Considering the course’s location amid a teeming urbanscape, there are a surprisingly number of quiet moments during one’s round. Crossing the bridge over the wash at the eighth is among them.

The Thomas mounds and Hanse bunkers left and the hillside on the right place an appropriate premium on accuracy at this 4 1/2 par.

As seen from behind, the eighth is a superlative switch back hole which requires a fade off the tee and a draw for one’s second. Thomas left the green open in front to reward those with the uncommon ability to execute the tandem plays.


Ninth hole, 180/180 yards;
Golf is played across the barranca on six of the first nine holes. Half of those times occur at the one shot holes whereby Thomas affords all golfers a perfect stance/lie on the tee from which to make the forced carry. More importantly, note the variety in how Thomas incorporated the wash. At the downhill fourth, it is a fronting hazard. At the level seventh, the wash is set on a diagonal. And here at the uphill ninth, the gulley is well short of play, bothering only the duffed tee ball. Talk about text book – and it didn’t happen by luck. In 2005, this oval-shaped green afforded a simple row of middle hole locations. Hanse Design recaptured nearly 25% of putting surface and returned the green to its original dimension of 6,635 square feet, primarily by expanding the green at the front, back left and along the right. A minimum of four great locations were recovered in the process with back left hole locations requiring as much as four more clubs than the front one seen below.

This view from behind hints at the 44 yard depth of the newly restored green as well as how much lower the tee is. Indeed, the ninth generally plays a full club more than the first timer imagines. This front hole location is sneakily fiendish (and didn’t exist in 2005), as most golfers are left with a dastardly quick putt from above the hole.

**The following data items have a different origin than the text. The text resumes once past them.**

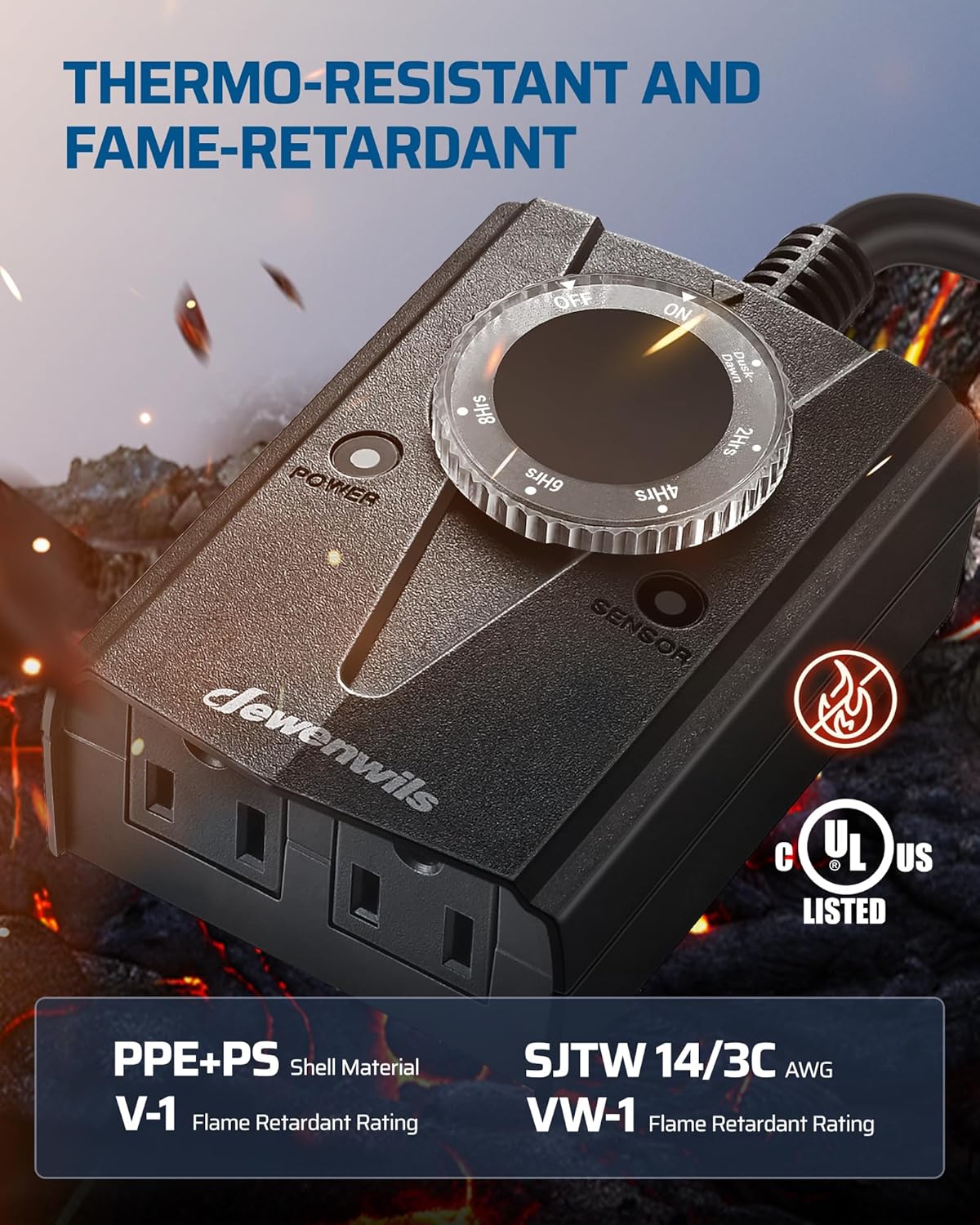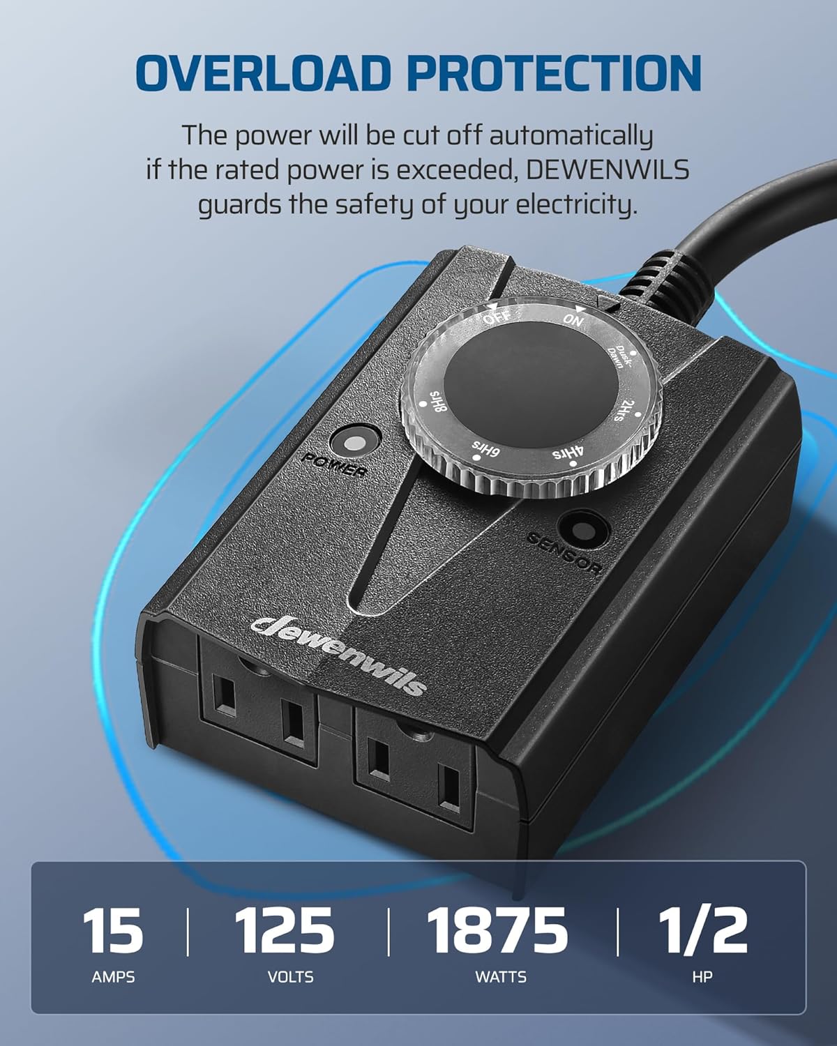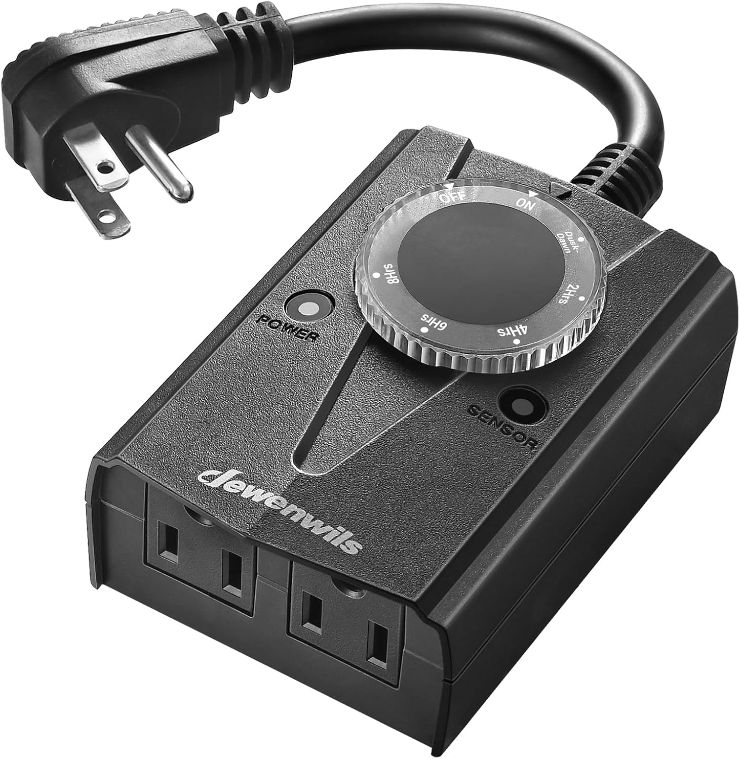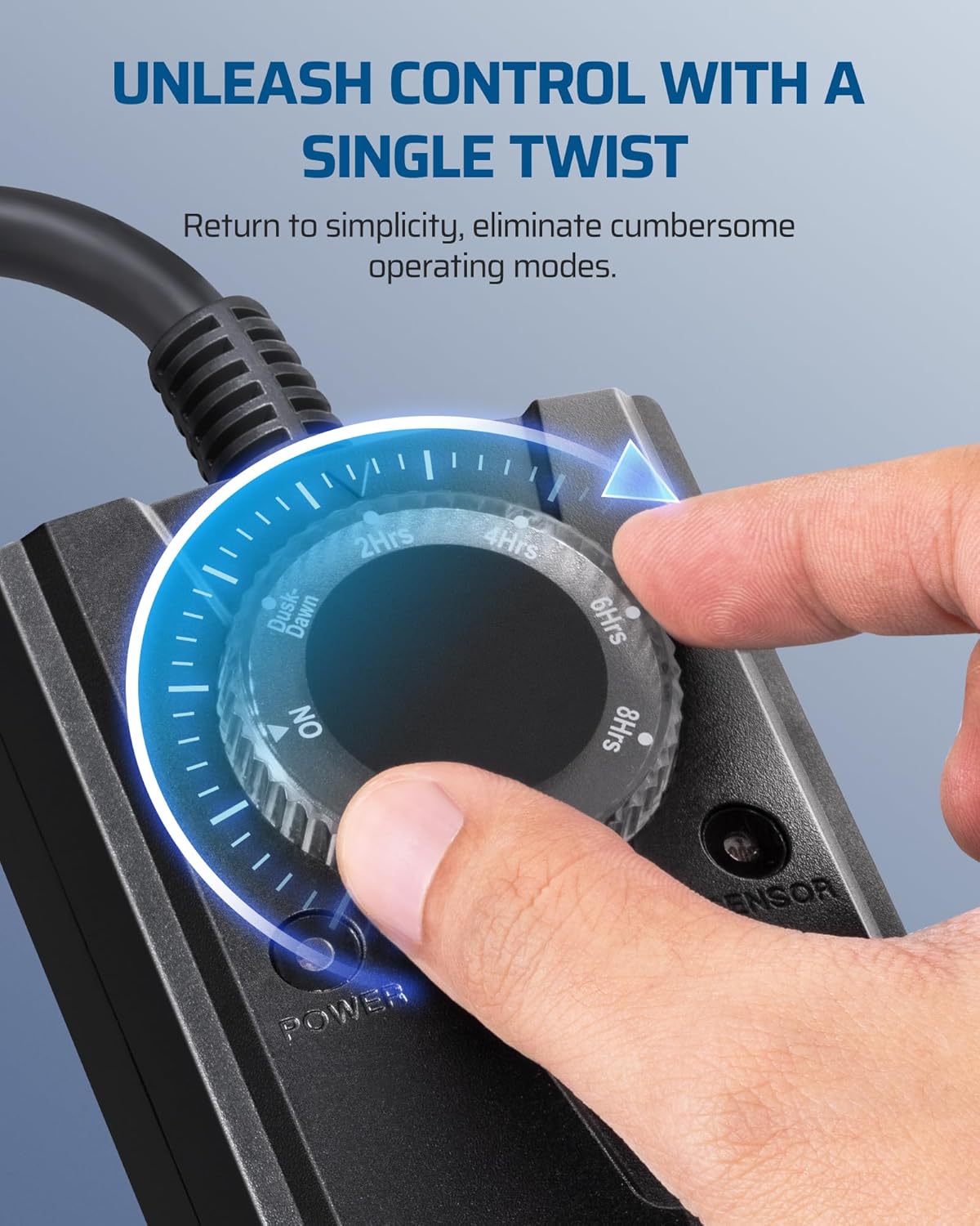 - MULTI TIMER CHOICES - Built-in light sensor mechanical timer, automatic or manually set lighting schedules with environment brightness; can turn on or off according daylight, or remain ON/OFF continuously; ON at dusk, OFF at dawn, ON at dusk OFF after 2/4/6/ 8 hours, daily repeat
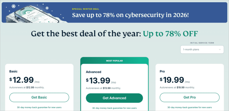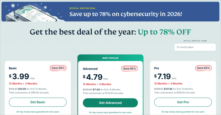 - 12-months: $39.99 for the first year, and $59.76 for each following year
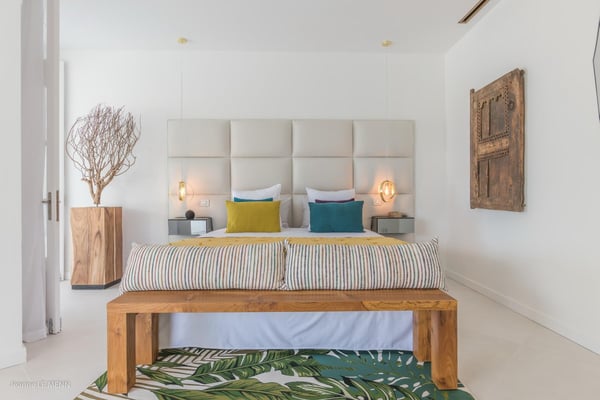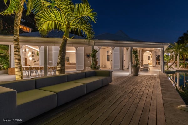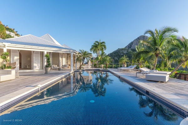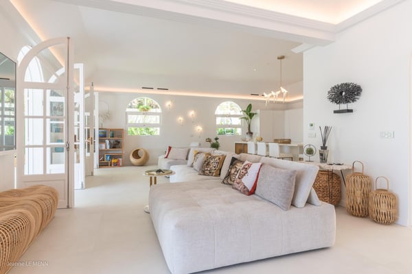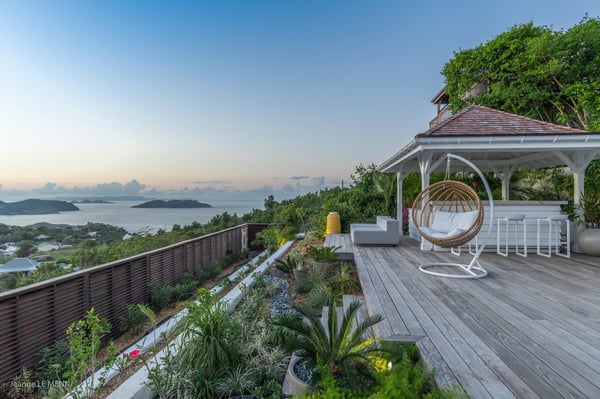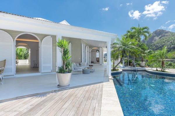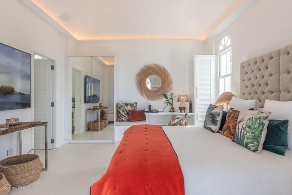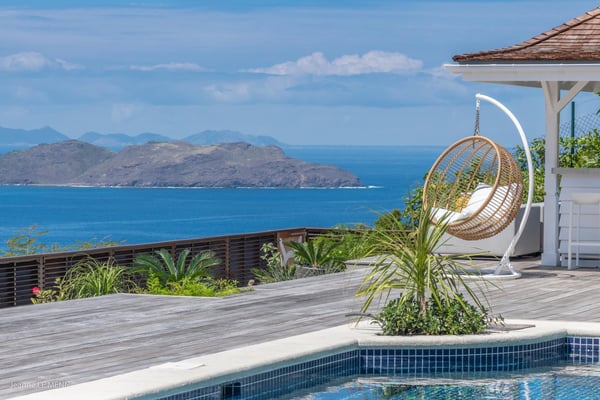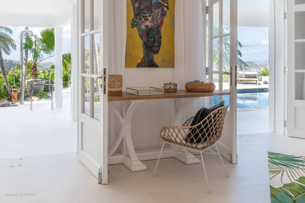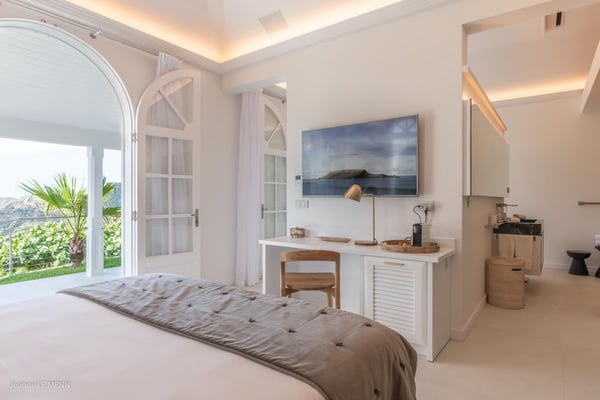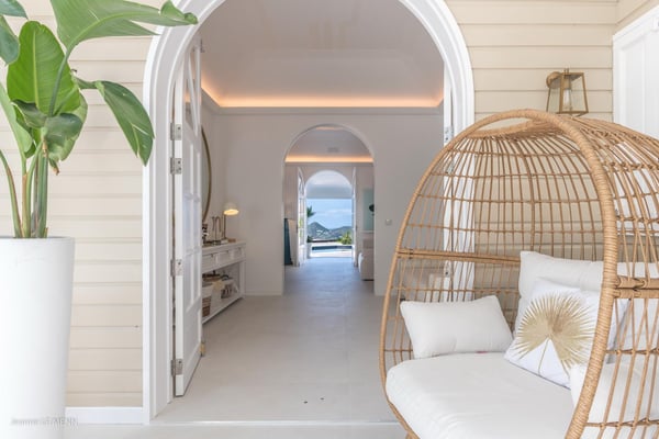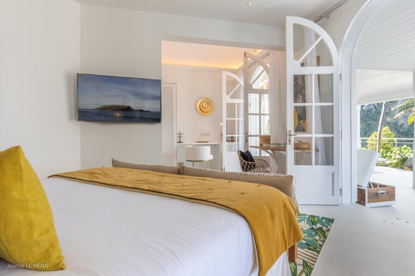 The luxurious villa White Sun is the perfect combination of luxury, calm and beauty. Located on a hillside in Petite Saline, this outstanding rental home in St. Barth is fully air-conditioned and offers a range of high-quality services in a new, refined and bright decoration. You’ll love the amazing show of the golden sunrises and sunsets. This colonial-style recently renovated property offers the utmost comfort. The large air-conditioned living room is charming as it features a contemporary and ethnic decoration while the bright light enters through the arched windows. In a warm and welcoming atmosphere, neutral white walls, soft sofas and benches bring a delightful feeling of well-being. In the background, you'll enjoy the view over the turquoise waters and the foliage of the tropical Caribbean vegetation. The dining room opens onto the living space and features a large designer table that can accommodate up to eight guests. You'll enjoy tasting the delicious food prepared in the modern, well-equipped kitchen with a breakfast bar. Decorated with white and beige tones, linen and wicker materials, and coming with perfectly arranged spaces: the villa White Sun is a truly luxurious home in Saint-Barths. Through twelve arched doors, you'll enjoy the covered terrace with plenty of shaded areas set up with hammocks, wicker chairs and another outdoor lounge for relaxing in the mild air. Facing the panoramic view, there is a sumptuous heated pool for swimming sessions or just for fun. Sofas, armchairs and sunbeds complete the layout of this teak terrace with a stunning panorama, shaded by palm trees filtering the trade winds. At the end, there is an ajoupa with a bar area and benches facing the spectacular view: the perfect place for enjoying the glowing sunset of St.Barths sipping a cocktail with friends. The holiday house White Sun has three superb and contemporary luxury rooms perfectly furnished and air-conditioned. Each has a king-size bed, one of which can be made into a twin, an access to the terrace and an en-suite bathroom. Whether you are travelling with family or a group of friends, the villa White Sun in St-Barts is the perfect getaway for your next vacation in the Caribbean.
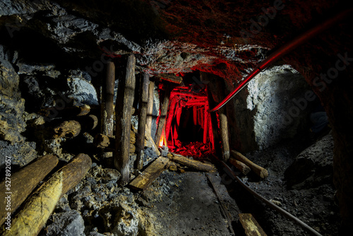 background, light painting, red, blue, darkness, industry, tunnel, mine, abandoned
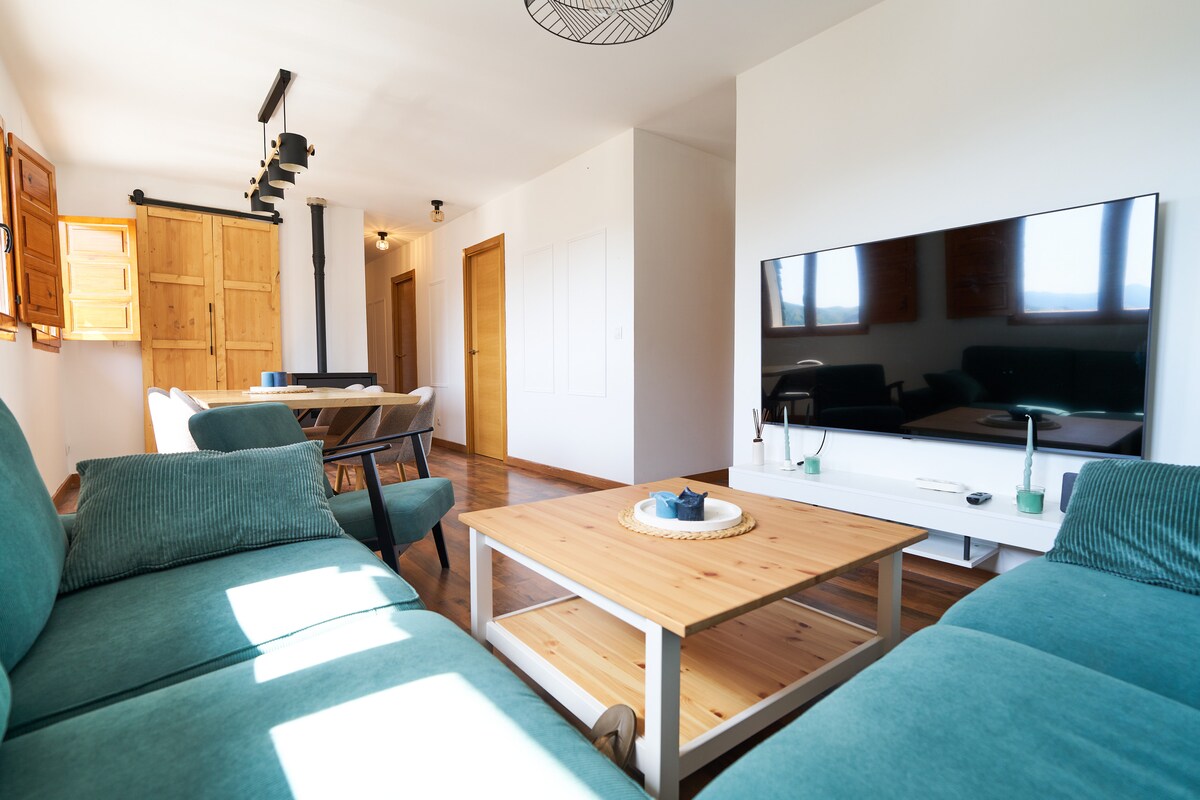 MOUNTAIN LOFT kami dirancang khusus untuk pasangan atau pasangan dengan anak-anak. Tempat ini menonjol karena kamarnya yang luas dan nyaman, semuanya dengan pemandangan pegunungan yang fantastis. - Ruang tamu dengan perapian dan pemandangan panorama. - Dapur berfasilitas lengkap. - Tempat tidur double dan sofa yang bisa dilipat. - Kamar mandi lengkap dengan batu alam. - Teras panorama yang hangat. - Dapur musim panas dengan barbecue dan oven kayu. - Kolam renang batu alam dengan area berjemur. - Air mancur, taman, dan teras yang luas.
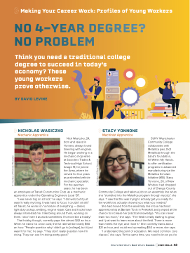 She had moved from the assembly line into a machinist apprenticeship at Bantam Tools in Peekskill, and jumped at the chance to increase her practical knowledge. “You can never learn too much,” she says. “The field is really starting to grow, and I just want to learn more about the field. There is more than meets the eye, and I love it.” She currently earns about $21 an hour, and could end up making $50 or more, she says.
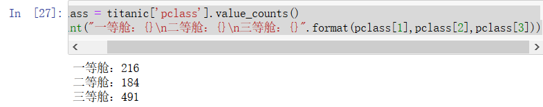 pclass = titanic['pclass'].value_counts() print("一等舱:{}\n二等舱:{}\n三等舱:{}".format(pclass[1],pclass[2],pclass[3]))
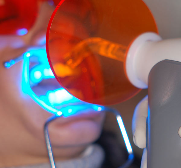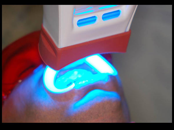 La Food and Drug Administration (FDA) negli Stati Uniti, ha approvato tre tipi di laser che possono essere utilizzati invece di lampade tradizionali per lo sbiancamento: il laser di argon, laser CO2 e il laser a diodi. Durante l' emissione della luce laser occhiali protettivi specifici devono essere indossati dal paziente, dall'assistente e dal'operatore, anche da chiunque sia presente nello studio odontoiatrico. 22,23.

Tenth hole, 410/385 yards;
Not every hole can be a strategic marvel but every hole can/should be interesting to play and this one scores well in that regard. The landing area is a huge knob into which Bell carved two wonderful bunkers. From anywhere near them, the golfer is more or less level with the putting surface and is afforded a comforting view for his approach. The shorter, more direct line left off the tee and away from the bunkers leaves the golfer in a valley below the green with a stunted view of what he needs to accomplish. How best to play the hole? Each golfer must make up his own mind – and that makes the tenth interesting.

Thomas draped the holes across the land in every imaginable manner possible. Flat courses can’t begin to compete.


Eleventh hole, 275/225 yards;
The architectural merits of this famous hole equal the one-of-a-kind view and it’s a mystery where Thomas/Bell gathered all the fill to create this mammoth push-up green, which is elevated nearly twenty-five feet at the rear from its surrounds. Bell’s graceful tie-in of the massive green pad with the hillside on the left is nothing short of stellar.  Watching the drama unfold on this Reverse Redan is great sport. Considering its length, many golfers still play it as Thomas intended by hitting the ball short left and having it bounce onto the putting surface. Figuring out how to access the front hole locations will drive the amateurs crazy during the 2017 Walker Cup and the professionals bonkers during the 2023 U.S. Open. So too the putting – is the putt downhill or uphill?

A large cache of aerial shots helped Hanse Design. This is one of the rare pre-1930 ground photos that they found and it served as a template for the Billy Bunker style they emulated.

As seen in 2005, the bunkers had become sculpted and manufactured in appearance. Something needed to be done.

The first phase of work was completed in 2009 and returned the bunkers to a form that would make Thomas and Bell proud.

The second and final phase saw to the removal of shrubs, undergrowth and some trees. For the first time in decades, members and their guests could appreciate both the special property and the special architecture.